Task requirements: Output only the stretch of the listing that starts at the line containing "Pasangan pegawai ASN" and ends at the line containing "Dia mengungkapkan, di", reproduced exactly with both ends.

Exercise data:

● ● ● ● ● ● ●

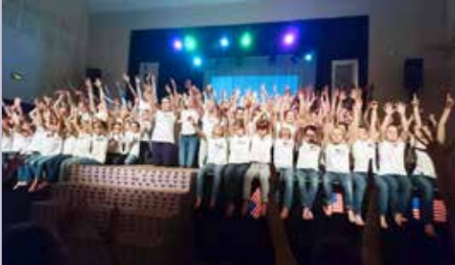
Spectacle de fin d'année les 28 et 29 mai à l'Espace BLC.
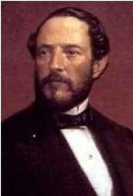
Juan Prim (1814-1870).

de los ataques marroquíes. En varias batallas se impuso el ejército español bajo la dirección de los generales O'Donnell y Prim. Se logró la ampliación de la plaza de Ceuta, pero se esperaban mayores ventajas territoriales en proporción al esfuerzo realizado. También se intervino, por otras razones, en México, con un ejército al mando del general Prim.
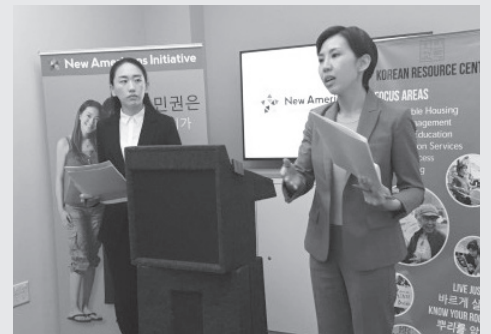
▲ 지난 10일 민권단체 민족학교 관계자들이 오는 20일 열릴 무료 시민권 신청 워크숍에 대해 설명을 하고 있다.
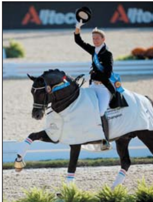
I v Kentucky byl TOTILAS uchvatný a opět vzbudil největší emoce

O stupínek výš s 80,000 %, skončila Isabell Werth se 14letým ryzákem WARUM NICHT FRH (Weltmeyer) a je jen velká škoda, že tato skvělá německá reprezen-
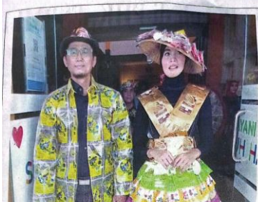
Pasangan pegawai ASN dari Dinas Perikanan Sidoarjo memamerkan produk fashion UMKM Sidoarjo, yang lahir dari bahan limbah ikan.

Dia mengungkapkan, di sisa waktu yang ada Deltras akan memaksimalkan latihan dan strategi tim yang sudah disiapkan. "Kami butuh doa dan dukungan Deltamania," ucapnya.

● ● ● ● ● ● ●

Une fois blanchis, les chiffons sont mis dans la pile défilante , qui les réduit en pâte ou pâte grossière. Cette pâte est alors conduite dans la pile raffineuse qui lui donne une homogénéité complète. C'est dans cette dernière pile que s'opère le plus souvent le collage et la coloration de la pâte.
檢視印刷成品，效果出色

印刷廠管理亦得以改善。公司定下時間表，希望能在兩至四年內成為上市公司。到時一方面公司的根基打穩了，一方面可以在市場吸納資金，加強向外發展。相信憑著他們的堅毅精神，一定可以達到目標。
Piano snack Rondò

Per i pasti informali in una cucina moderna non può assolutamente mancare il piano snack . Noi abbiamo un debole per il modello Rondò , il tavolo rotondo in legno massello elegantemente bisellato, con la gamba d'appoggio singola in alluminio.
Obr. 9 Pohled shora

● ● ● ● ● ● ●

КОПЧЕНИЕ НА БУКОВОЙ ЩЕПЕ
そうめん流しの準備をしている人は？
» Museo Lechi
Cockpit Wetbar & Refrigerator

● ● ● ● ● ● ●

Output below:
Pasangan pegawai ASN dari Dinas Perikanan Sidoarjo memamerkan produk fashion UMKM Sidoarjo, yang lahir dari bahan limbah ikan.

Dia mengungkapkan, di sisa waktu yang ada Deltras akan memaksimalkan latihan dan strategi tim yang sudah disiapkan. "Kami butuh doa dan dukungan Deltamania," ucapnya.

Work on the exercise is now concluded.